Archive for the ‘Ancient Pacific’ Category

The Other Easter Island Mystery, Part One: Write or Rongorongo?

By: The Scribe on April, 2013

easterisland rongoRongorongo is an indigenous Polynesian hieroglyphic script… and you’ve probably never heard of it before!

There’s a reason for that: it wasn’t discovered until the 19th-century on Easter Island. And of course, when talking about Easter Island, it just so happens that some giant pieces of stone tend to grab the spotlight…

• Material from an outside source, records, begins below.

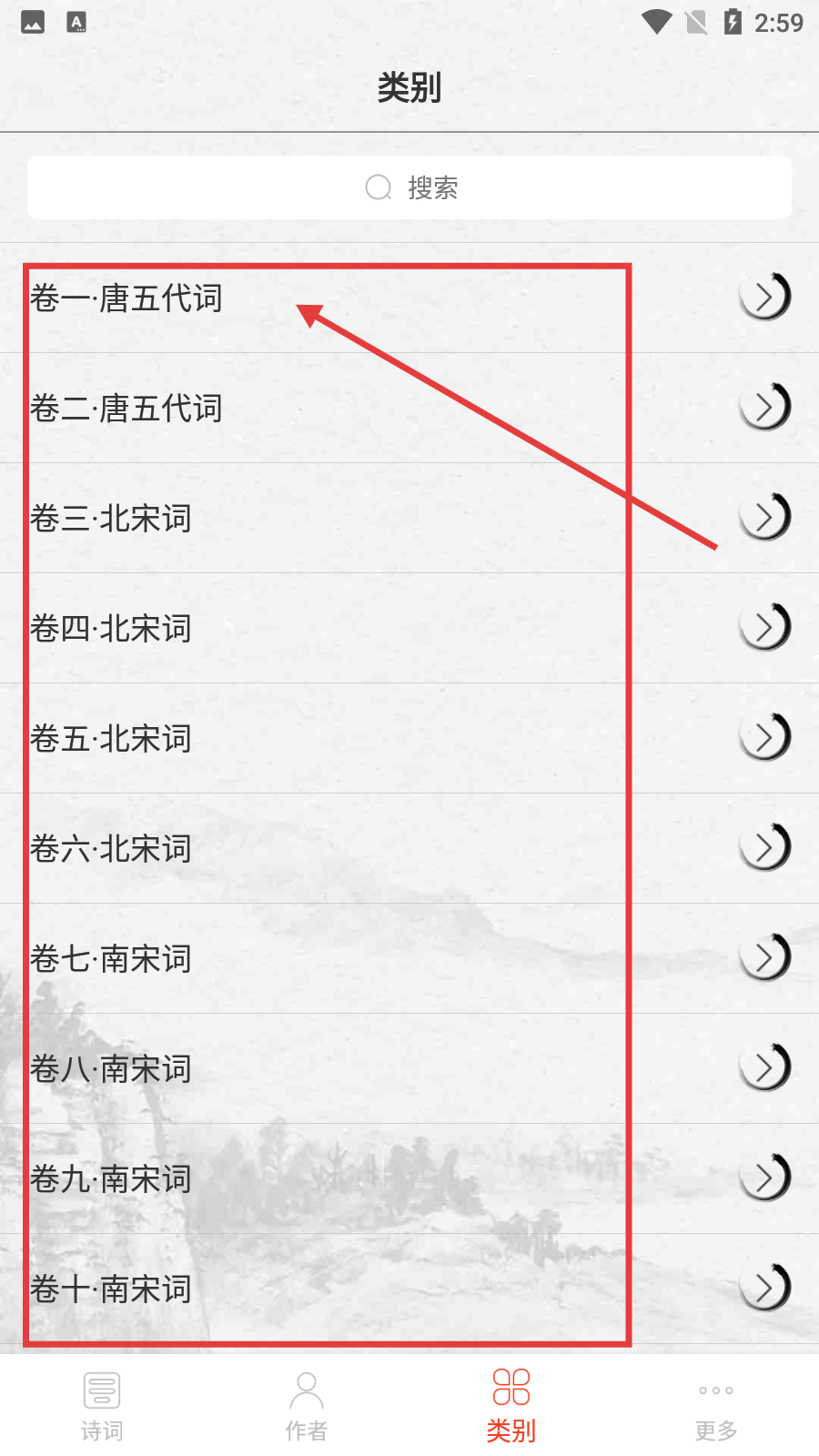 在類別界面,能夠挑選唐五代詞、北宋詞、南宋詞等不同朝代的詞卷,點擊即可進(jìn)入查看具體的詩詞列表。
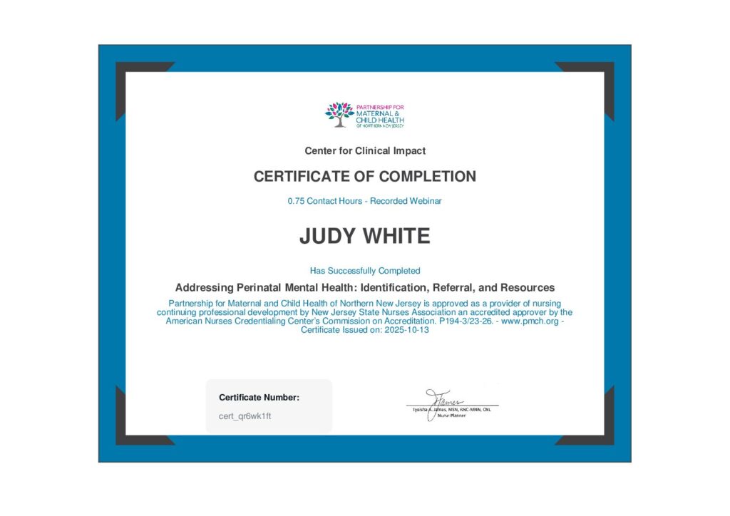 In 2023, The Healthy Children Project course allowed me to sit for my Certified Lactation Counselor, which I passed in the Spring. To learn more about this training, read about Healthy Children Project CLC Training Here.This certification allows me to support successful breastfeeding for my doula clients, staying in my scope with this added service. I do not charge extra for this service for my birth and postpartum clients. Clients in Wyckoff, Franklin Lakes and Oakland may take advantage of an in-home consult for a reasonable fee.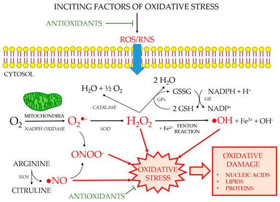 Oxidative stress (Figure 4) is defined as an imbalance between pro- and anti-oxidant molecules due to an excess of pro-oxidants (by exposure to ionizing radiation, intense ultraviolet radiation, toxins, psychological or physical stress, and diseases), antioxidant deficiency (in newborns, during aging, or due to vitamin-poor diets), or by a combination of both situations at the same time [44]. The action of FR on the cellular structural constituents produces a continuous internal aggression, which threatens the integrity of all biomolecules. Oxidizable substrates include all organic or inorganic molecules found in living cells, such as proteins, lipids, carbohydrates, and deoxyribonucleic acid molecules [45]. Oxidative damage to lipids, especially polyunsaturated fatty acids in biological membranes, is widely investigated [46]. The lipid peroxidation reaction is a degenerative process of chain oxidations that spreads across the surface of lipid bilayers and alters their fluidity and permeability, favoring the occurrence of chemotaxis and inflammation [47,48].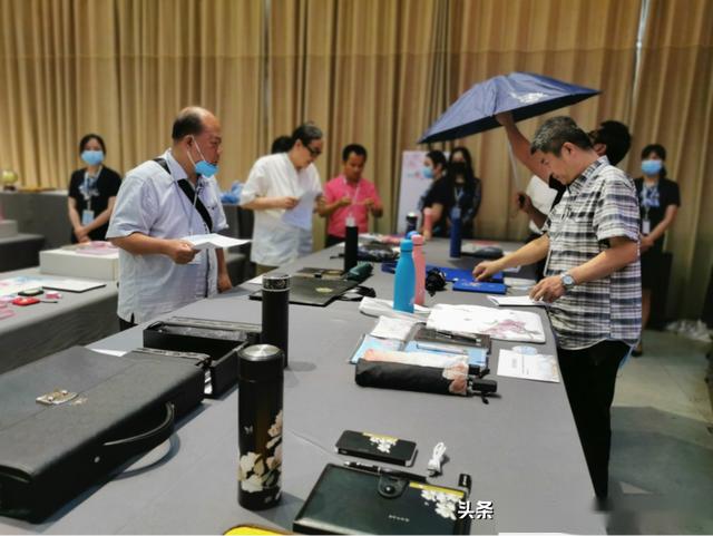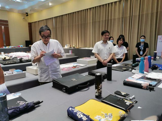 ↑ 專家評委組對柳州紫荊花商務(wù)套裝類文創(chuàng)作品進(jìn)行現(xiàn)場評比、打分。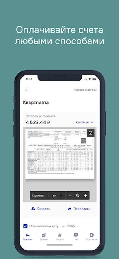 Pay bills, submit applications, submit meter readings, participate in general meetings and surveys, receive notifications from the company, view camera images, open barriers / gates. All these features are implemented in our application.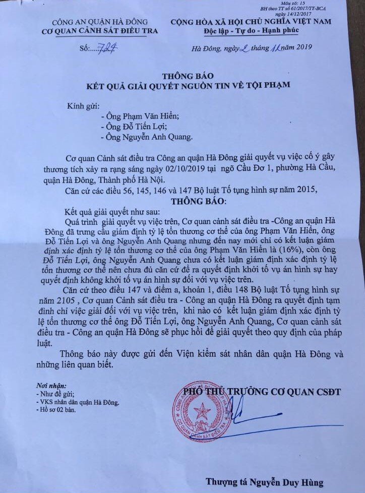 Theo đó, cơ quan CSĐT thông báo: “Quá trình giải quyết vụ việc trên, cơ quan CSĐT- Công an quận Hà Đông đã trưng cầu giám định tỷ lệ tổn thương cơ thể của ông Phạm Văn Hiển, ông Đỗ Tiến Lợi và ông Nguyễn Anh Quang. Nhưng đến nay, mới chỉ có kết quả giám định, xác định tỷ lệ tổn thương cơ thể của ông Phạm Văn Hiển là 16%, còn ông Đỗ Tiến Lợi, ông Nguyễn Anh Quang chưa có kết luận giám định xác định tỷ lệ tổn thương cơ thể nên chưa đủ căn cứ để ra quyết định khởi tố vụ án hình sự hay quyết định không khởi tố vụ án hình sự đối với vụ việc trên… Công an quận Hà Đông ra quyết định tạm đình chỉ việc giải quyết đối với vụ việc trên. Khi nào có kết luận giám định xác định tỷ lệ tổn thương cơ thể ông Đỗ Tiến Lợi và ông Nguyễn Anh Quang, cơ quan CSĐT- Công an quận Hà Đông sẽ phục hồi để giải quyết theo quy định của pháp luật”.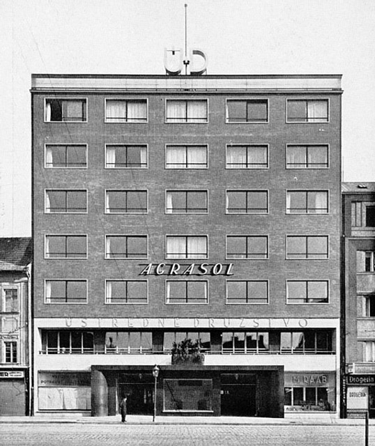 V tridsiatych rokoch postavili na mieste meštianskeho domu oproti starej tržnici (vtedy Námestie republiky číslo 13) podľa projektu architekta Emila Belluša administratívnu budovu Ústredného družstva (dokončená 1935). Moderná železobetónová stavba s veľkým portálom z čiernej leštenej žuly a obkladačkami obloženou fasádou bola prvou z komplexu štyroch podobných administratívnych budov.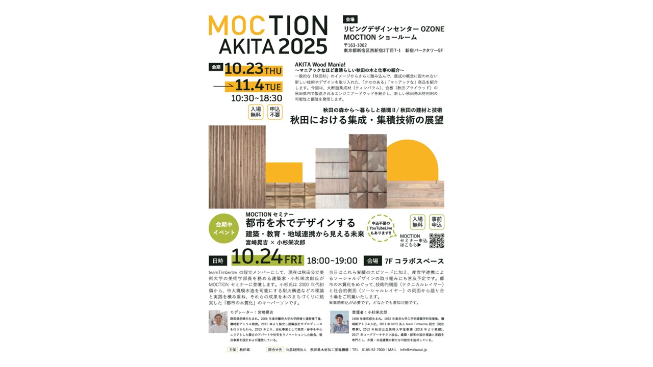 また、会期中の10月24日に開催されたMOCTIONセミナー「都市を木でデザインする」は、こちらから視聴できますので、ご覧ください。

While there hasn’t been much in the way of direct dating for the script, the only tablet that has been carbon dated (Tablet Q) resulted in a date of “sometime after 1680.” However, one of the specific glyphs—glyph 67—appears to represent the Easter Island palm tree, which went extinct around 1650. So, we know that the script is at least that old, if not older.

Part of the trouble with dating this ancient language stems from the Spanish explorers, who annexed the island in 1770. When the treaty was signed by both the Spanish and Easter Island chiefs, some of these Rongorongo glyphs were used—and some scholars have speculated that maybe the language was invented after the Spanish arrived and used for the treaty in particular.

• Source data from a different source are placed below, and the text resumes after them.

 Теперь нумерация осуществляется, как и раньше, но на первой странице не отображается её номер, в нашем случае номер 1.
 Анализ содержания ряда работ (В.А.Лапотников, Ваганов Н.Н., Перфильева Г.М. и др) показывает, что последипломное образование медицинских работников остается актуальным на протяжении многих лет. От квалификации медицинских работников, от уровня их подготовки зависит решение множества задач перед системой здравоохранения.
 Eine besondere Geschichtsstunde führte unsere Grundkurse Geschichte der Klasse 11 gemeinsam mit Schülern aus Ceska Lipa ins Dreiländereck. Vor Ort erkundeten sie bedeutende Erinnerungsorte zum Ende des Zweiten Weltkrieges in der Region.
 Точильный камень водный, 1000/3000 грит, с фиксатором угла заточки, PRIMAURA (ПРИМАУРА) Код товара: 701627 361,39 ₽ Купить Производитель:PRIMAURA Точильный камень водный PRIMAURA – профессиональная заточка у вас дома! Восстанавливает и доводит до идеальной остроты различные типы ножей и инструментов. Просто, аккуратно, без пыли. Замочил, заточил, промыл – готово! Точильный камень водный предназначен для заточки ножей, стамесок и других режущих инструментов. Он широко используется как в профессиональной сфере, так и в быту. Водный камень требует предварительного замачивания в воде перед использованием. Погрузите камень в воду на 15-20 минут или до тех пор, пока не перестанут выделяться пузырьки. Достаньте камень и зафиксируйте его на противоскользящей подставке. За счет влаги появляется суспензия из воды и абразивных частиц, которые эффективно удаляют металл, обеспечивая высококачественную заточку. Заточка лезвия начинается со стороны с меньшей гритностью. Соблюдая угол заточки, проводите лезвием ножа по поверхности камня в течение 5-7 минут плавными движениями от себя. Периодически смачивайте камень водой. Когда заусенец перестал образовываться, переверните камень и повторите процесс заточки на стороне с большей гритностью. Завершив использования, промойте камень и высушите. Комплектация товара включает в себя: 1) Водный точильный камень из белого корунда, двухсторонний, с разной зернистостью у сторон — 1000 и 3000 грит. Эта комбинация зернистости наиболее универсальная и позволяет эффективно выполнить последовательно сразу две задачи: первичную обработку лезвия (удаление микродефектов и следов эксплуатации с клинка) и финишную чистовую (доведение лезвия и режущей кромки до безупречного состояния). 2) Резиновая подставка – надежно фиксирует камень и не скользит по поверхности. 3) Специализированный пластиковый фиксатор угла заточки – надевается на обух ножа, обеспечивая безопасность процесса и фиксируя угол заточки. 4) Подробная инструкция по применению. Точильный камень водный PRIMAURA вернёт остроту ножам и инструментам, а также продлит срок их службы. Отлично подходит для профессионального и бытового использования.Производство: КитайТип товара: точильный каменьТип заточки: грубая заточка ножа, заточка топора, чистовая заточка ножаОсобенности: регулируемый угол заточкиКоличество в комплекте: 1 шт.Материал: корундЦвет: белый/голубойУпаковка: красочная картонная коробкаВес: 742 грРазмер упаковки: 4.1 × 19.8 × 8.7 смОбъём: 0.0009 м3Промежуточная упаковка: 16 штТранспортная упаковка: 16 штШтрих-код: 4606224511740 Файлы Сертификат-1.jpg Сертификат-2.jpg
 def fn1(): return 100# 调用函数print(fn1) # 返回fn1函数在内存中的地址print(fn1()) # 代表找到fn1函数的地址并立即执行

rongorongoEvidently, no explorer reported seeing the script prior to 1864, causing some historians to believe that the script may have been a result of trans-cultural diffusion—in other words, the locals saw Spanish writing and were inspired to create their own writing system.

But if that happened, it means the writing system was invented, used widely, disappeared, and became almost completely forgotten within—quite literally—less than a century. This would be highly unusual for any language!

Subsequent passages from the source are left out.